By Linda Riquelme.

Since its inception in 2006, the Atlas of Living Australia has become the most comprehensive public access point for information about all living things on land and in water in the Australian region. While there are areas that may be lacking data, the Atlas team is constantly working with data providers to obtain more data. And, of course, your help in filling the gaps in the Atlas would be greatly appreciated!

I have had the privilege of spending my summer with the team at the Atlas of Living Australia at CSIRO in Canberra. As the work experience person, I am responsible for the coffee runs.

Just joking!

My main priority has been to work with Lee Belbin to create layouts for more comprehensive area reports. The Area Report tool (Tools | Area Report) is an invaluable part of the Spatial Portal, allowing users to obtain a summary of biologically-related data in a specific area.

Current on-screen area report

Figure 1. Current on-screen area report

For example, a park manager can use the area report to quickly and easily get an idea of all the data available for a particular national park. By going into the Spatial Portal, they can select the national park from the Collaborative Australian Protected Areas Database (CAPAD) layer, and then generate an area report.

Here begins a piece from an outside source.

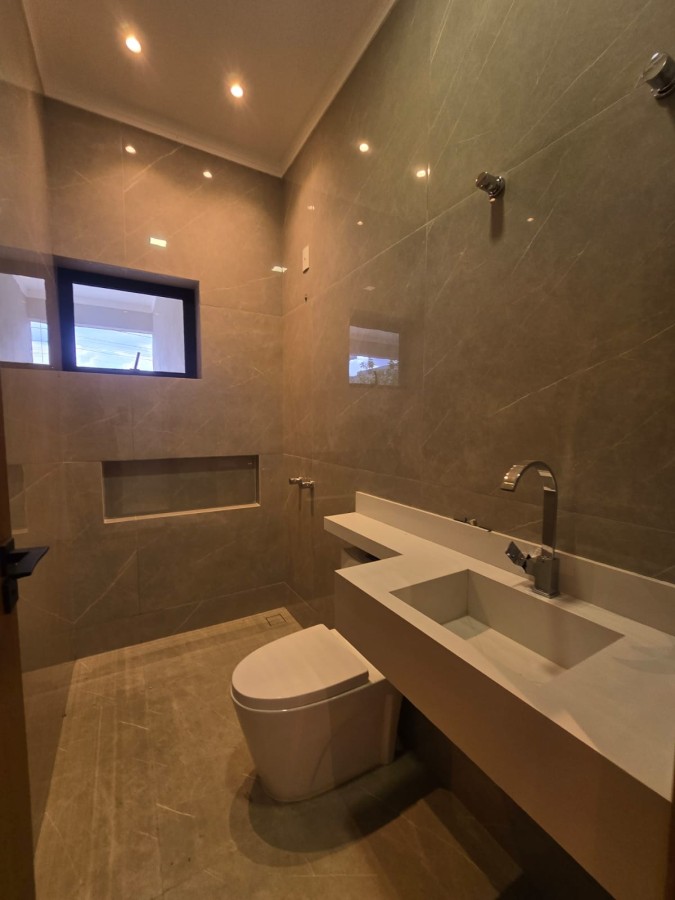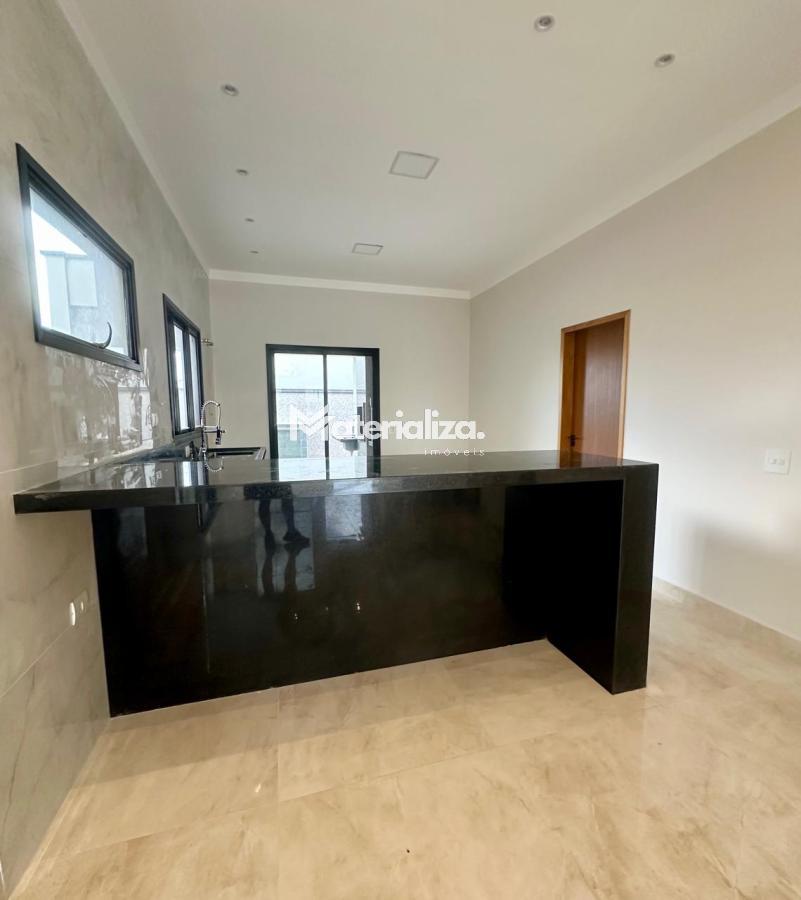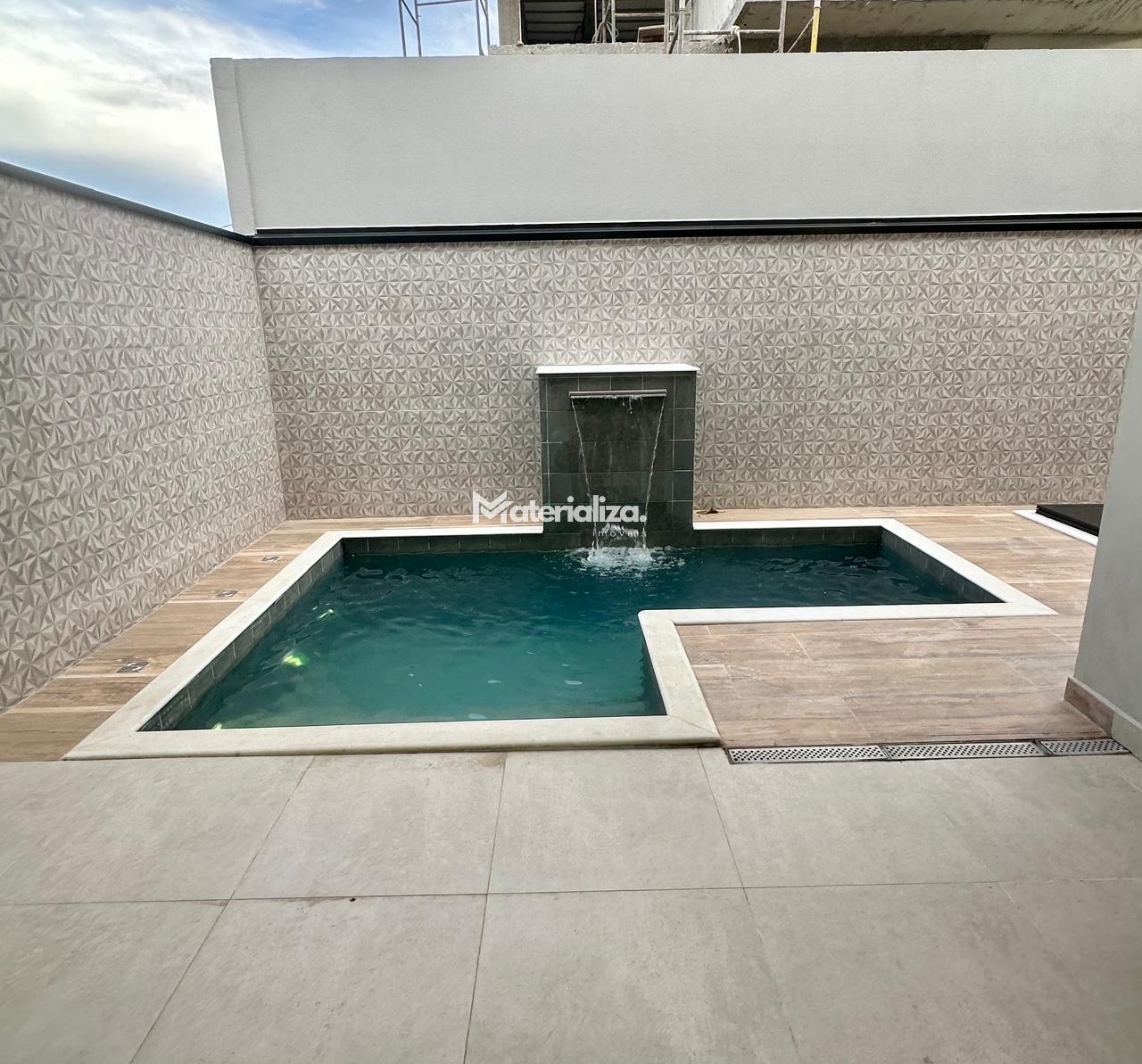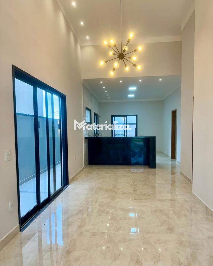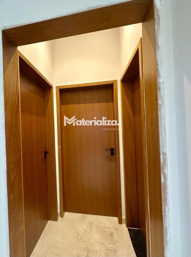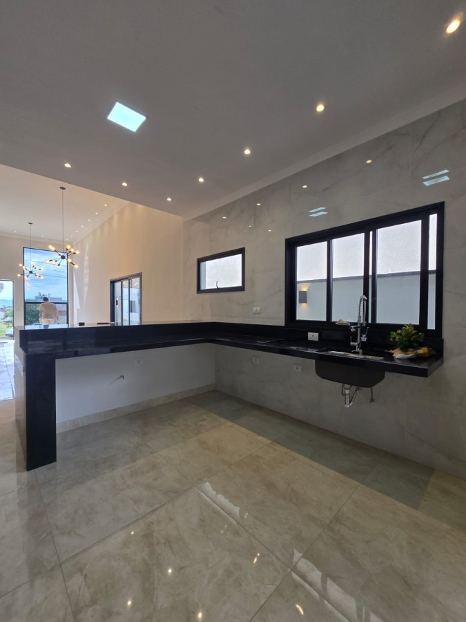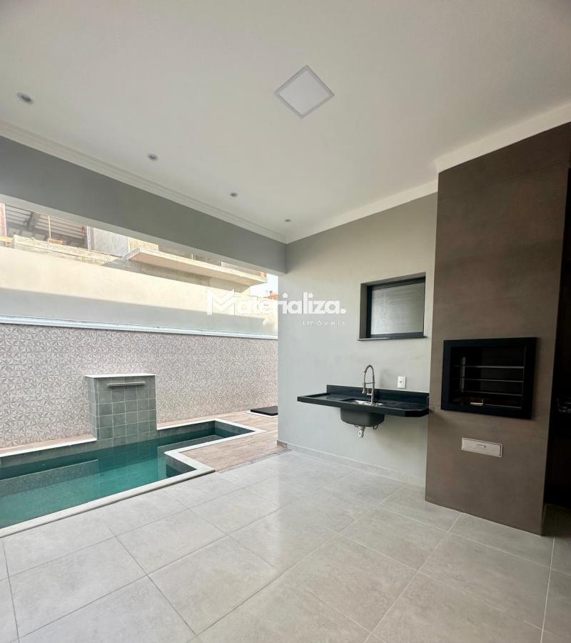 Bancada, pia e lavatórios em granito, conta com um projeto iluminotecnico super moderno, piscina em concreto armado com cascata e led, painel em alumínio ripado na parede da garagem como consta no projeto, na cor amadeirado acompanhando o modelo e cor da porta de entrada. Sendo três dormitórios, um deles é uma suíte com closet, banheiro social, sala de estar, sala de jantar, cozinha, área gourmet com churrasqueira integrada próximo a piscina, banheiro externo, lavanderia, ducha, garagem coberta para dois automóveis. Esquadrias pretas linha premium. Condomínio conta com uma atrativa área de laser, piscina, academia, campo de futebol e salão de festas.

Currently, when an area report is generated, you are provided with information on area size, the number of species (including iconic, endemic and pest species), as well as other information like expert distributions (fig. 1).

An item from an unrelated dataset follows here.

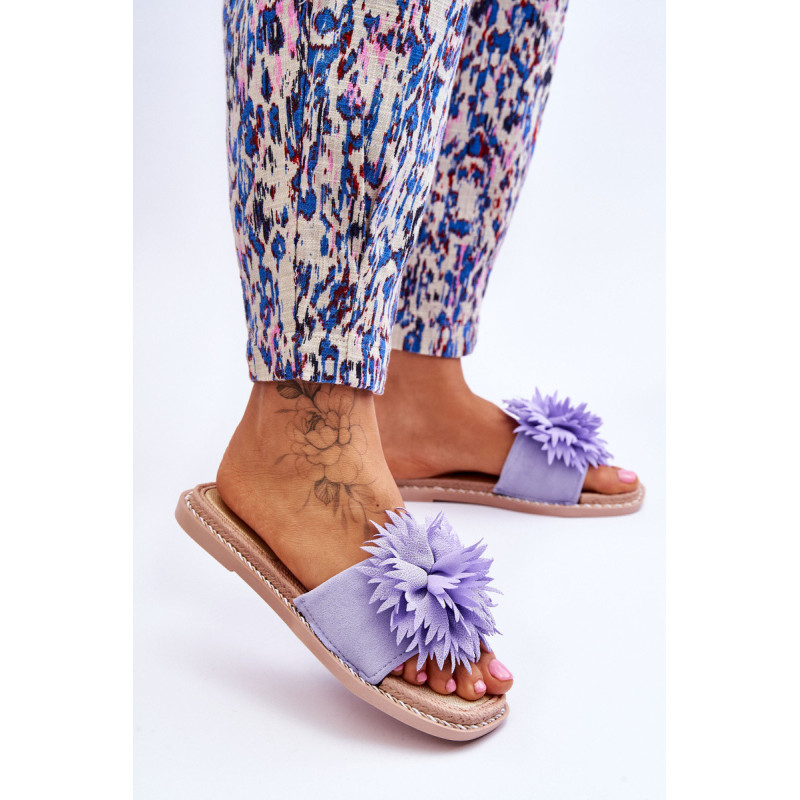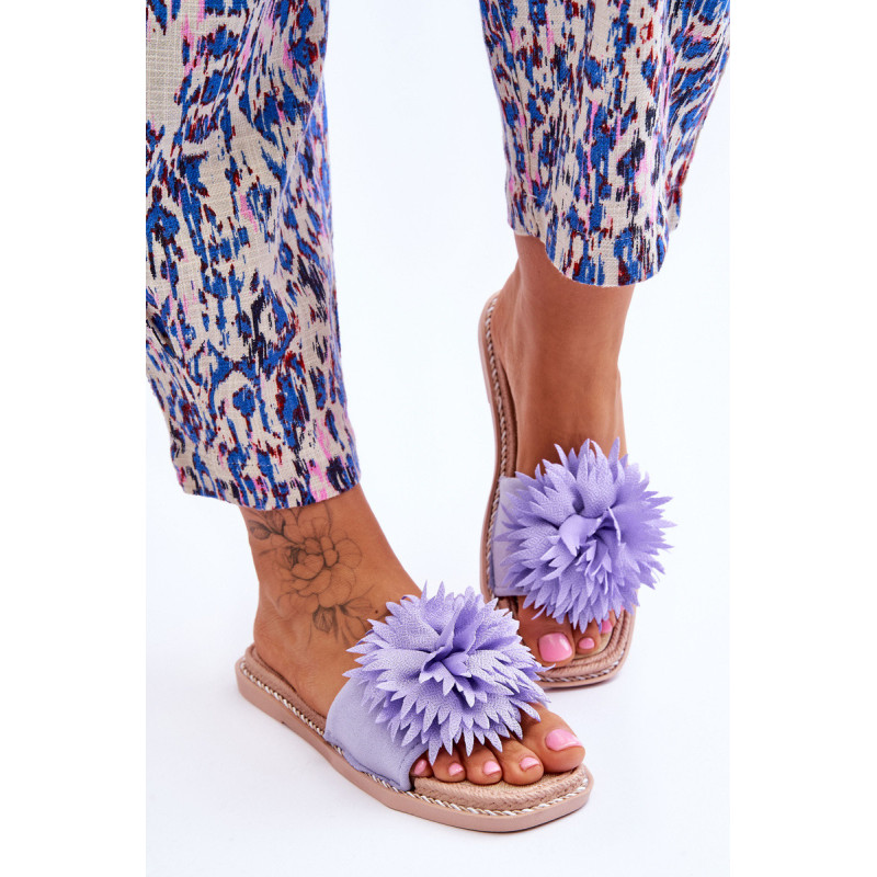 Moteriškos šlepetės su įspūdingu papuošimu priekyje. Pagaminta iš ekologiškos zomšos, o ornamentas iš audinio. Vidpadis ir padas pagaminti iš guminės medžiagos. Kojos pirštas atviras, šiek tiek kvadratinis. Virvelės aplink padą. Šlepetės ant plokščio kulno, neslidžiu padu. Šlepetės yra erdvios, todėl puikiai tiks karštoms dienoms! Modelis, kurį turėtumėte turėti! Nelaukite ir pirkite! Renkantis dydį, naudokite dydžių lentelę.

Area reports can be used for research, park management, natural resource and catchment management, consulting (e.g. environmental impact assessments), and farm, local and state/territory government planning. Area reports also provide an opportunity to discover more about Australia’s biodiversity.
Information that we plan to add to the on-screen area report will include:
Dynamic land cover classes (terrestrial)

  • IMCRA bioregions (marine)
  • Species lists by lifeform
  • Specimens with DNA sequences
  • Migratory species lists
  • Threatened species lists and classifications

In addition to the on-screen area report, a comprehensive area report in PDF format will be developed. This will collate everything that is known about an area into a single, downloadable PDF-formatted report. Features that will be included in the PDF report that won’t appear on the on-screen report include:

  • Global context ecoregions: Terrestrial/Marine/Freshwater Ecoregions of the World (TEOW/MEOW/FEOW)
  • Sensitive species lists
  • Classification of area maps (fig.)
  • Net Primary Productivity (NPP) maps (fig.)
Classification of Area

Figure 2a. Classification of area

Net Primary Productivity

Figure 2b. Net primary productivity

The Atlas of Living Australia has just reached 1 billion downloads (and counting). With the enhanced area report, the Atlas of Living Australia can continue to provide biological and environmental information to assist in research, monitoring and the decision-making processes. The future of biodiversity information sharing looks bright!